海外で読んだ本の話


普段、そんなに本を読むほうでもなく
最初のころの旅行(インド1、2回目およびインドネシア1、2回目)では
海外でガイドブック以外の本を読むなんて発想すら無かった。
ただ、最近ではわざわざ旅行にまで行って
本を読むというのは
実は結構贅沢な楽しみ方なのではないかと思っていたりもする。


てなわけで旅行中に読んだ本を
ネタバレしない程度に、あまり批評にならないように、晒す。



・「R62号の発明・鉛の卵」 安部 公房
表題作のR62号の発明、鉛の卵を含んだ短編集。
3度目のインドでO野峰が持ってきていたものを借読。
安部公房の作品は描写が細かく叙情的で最初非常に楽しいのだが
中盤あたりからそれが仇となって結構しんどい。
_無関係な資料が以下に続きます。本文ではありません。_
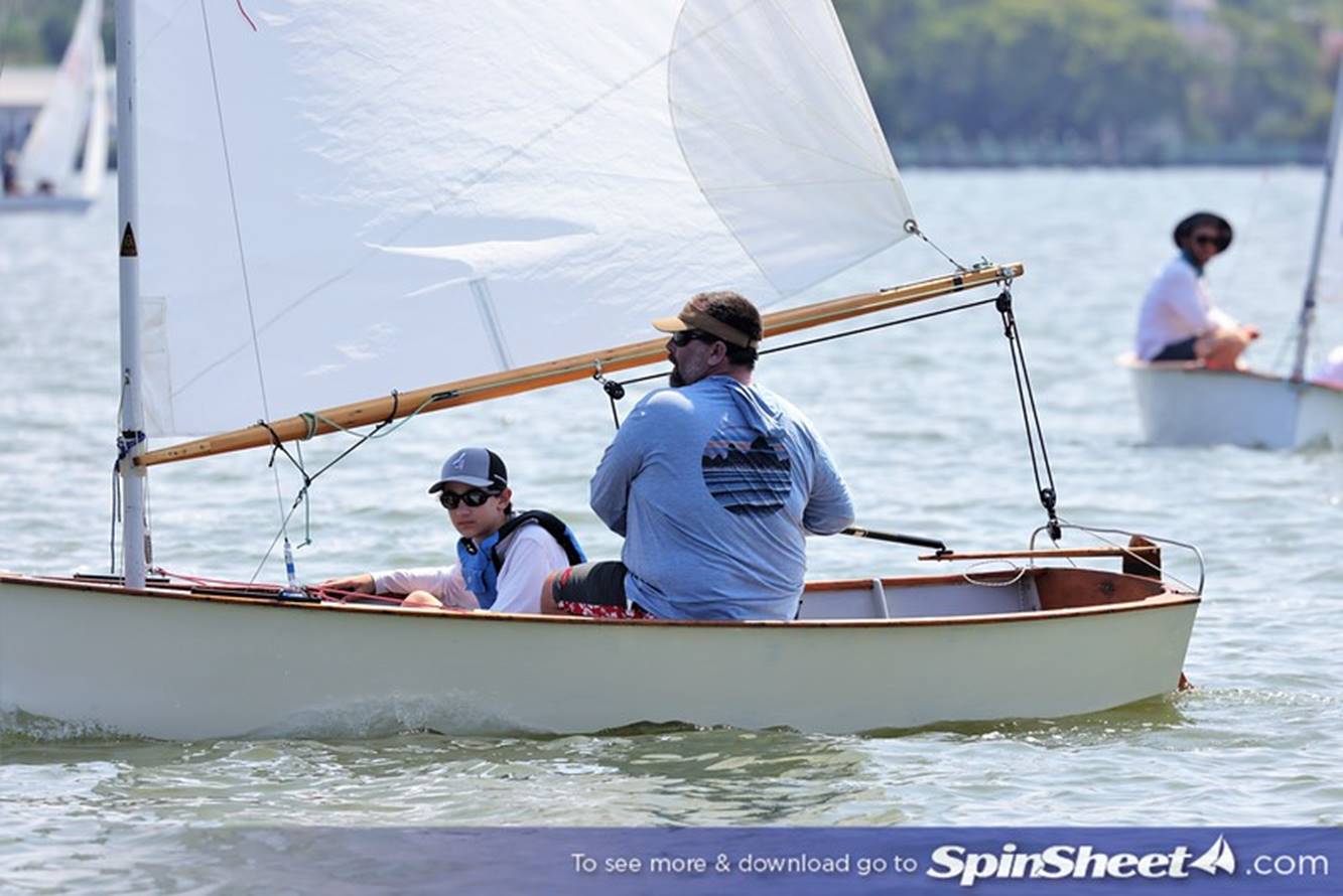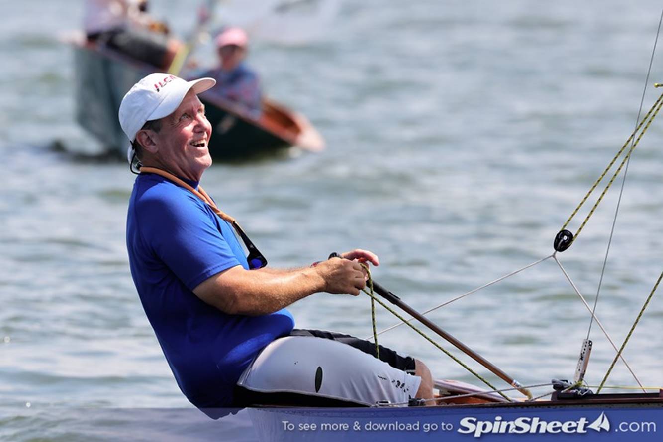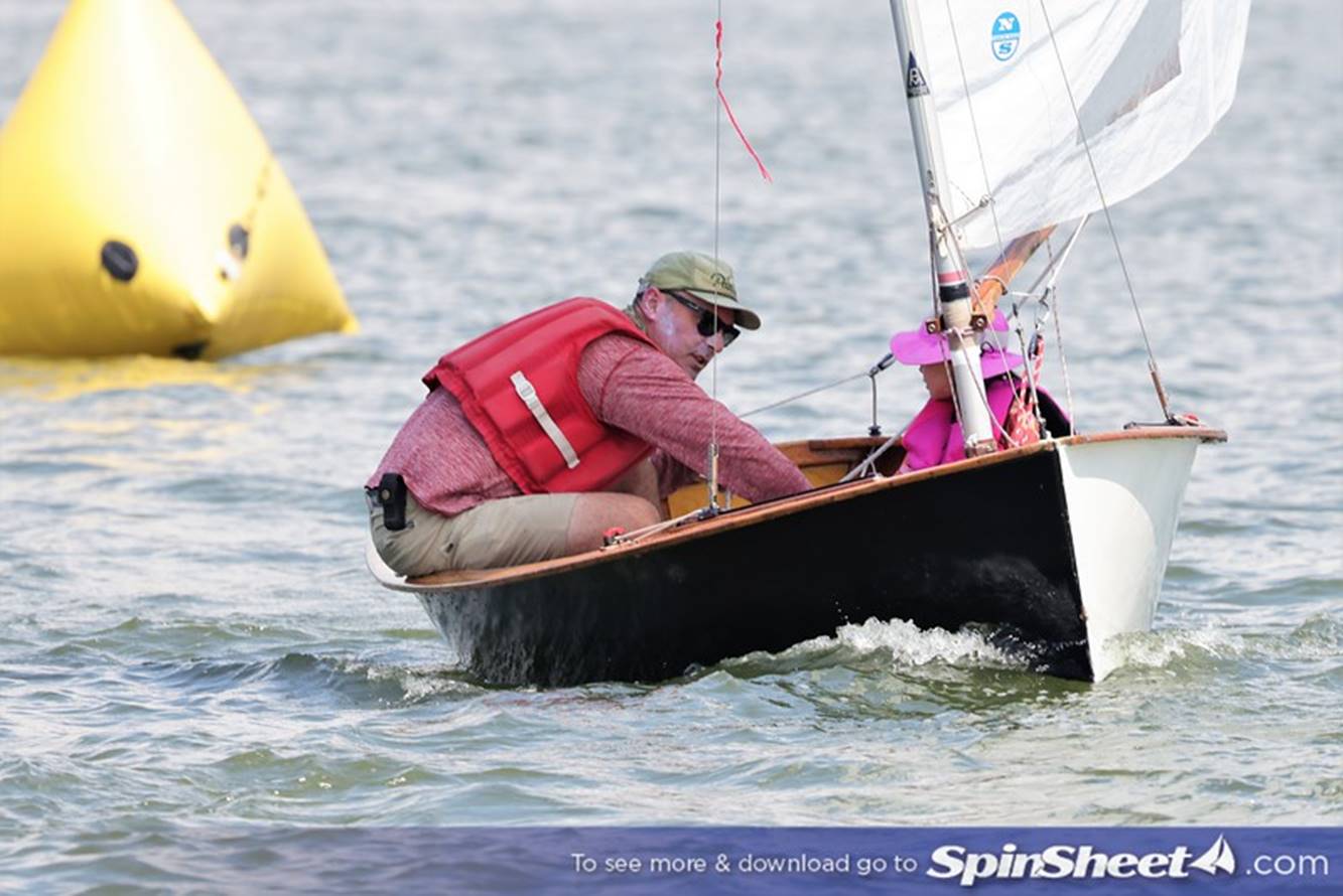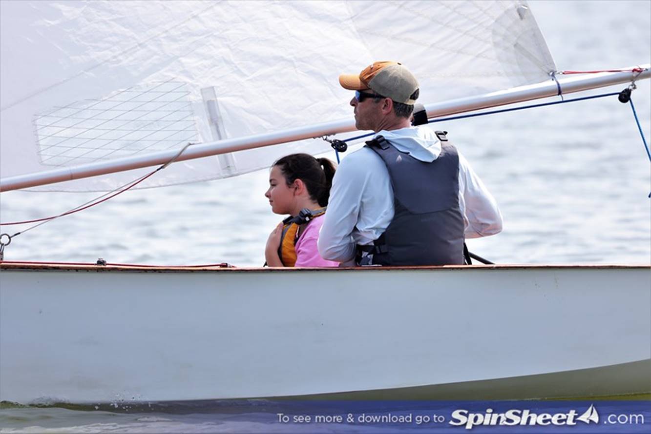 Bill Lane gnawing on his mainsheet as granddaughter Annabelle Lane adjusts the shroud.

個人的に。
その意味で安部公房の短編集ってのは俺にあってる気がする。


・「深い河」 遠藤 周作
深い河、ガンガー(ガンジス河)に焦点をあてた作品。
4度目のインドで、インドで読む本には何が良いかと悩んで持っていった一冊。
老若男女5人の「主人公」が
それぞれの事情とそれぞれの想いを抱えて訪れるインド。
「転生」、「宗教」、「愛」、「死」などをテーマに
その5人の感情が、葛藤が、インドと、そして深い河と共に流れていく。
キリスト教のイメージがある遠藤周作だが
キリスト教だけにとどまらず、「信仰」、「宗教」の捉え方、考え方について
再考させられるような、新たなことに気づかされるような
そんな読んだ後に充足感、満足感が押し寄せてきた一冊だった。
ボリュームもちょうど良く、いままで読んだ小説のなかで
ベスト3に入るほど好きな一冊。
なお、内容と旅行当時のインドの情景が重なり
日本で再度読み返すのが現状、躊躇われている。


・「青年は荒野をめざす」 五木 寛之
4度目のインドでU君が持ってきた一冊。
表題のとおり青年が旅する物語。
トランペット片手にシベリアから北欧まで。
当てのない旅、ジャズ、ドラッグ、恋、酒と、
まさに青春群像。
さらさら読めるし楽しい。
願わくば「ノルウェーの森」等と同じく
10代のうちに出会いたかった一冊。


・「ぼくと1ルピーの神様」 ヴィカス・スワラップ
4度目のインドでナベタクが持ってきた一冊。
映画「スラムドッグ・ミリオネア」の原作。
たまたま映画公開より先に、しかもインドで読むことになったのだが
ダニー・ボイルが目を付けるほどコンセプトが面白い一冊。
内容は映画とは若干異なり、最高のエンターテイメントである映画版と比べ
淡々と物語が進んでいく印象。
これが舞台がアメリカとかヨーロッパだとなんでもない作品なのだろうが
インドのいろいろ細かい部分が混ぜ込まれているので
旅行中に読んでいて実に面白かった。


・「姑獲鳥の夏 」 京極 夏彦
広州、広西チワン族自治区を回った南中国旅行に持っていった一冊。
インドに「深い河」を持っていったので
中国っぽくて荷物にならない程度のボリュームの本を探していて
姑獲鳥(コカクチョウ)が中国の妖怪だということで決定。(表題の読みは姑獲鳥と書いて「ウブメ」)
京極 夏彦の作品は「魍魎の匣」から入ったのだが、どれも面白い。
その中でも「姑獲鳥の夏 」は京極作品のなかでもボリュームが少なく
入門編としてお勧め。
内容は、妖怪(民俗学)と認識論とうつ病の話。



こんなん書いてると
また旅行に行きたくなってきた・・・。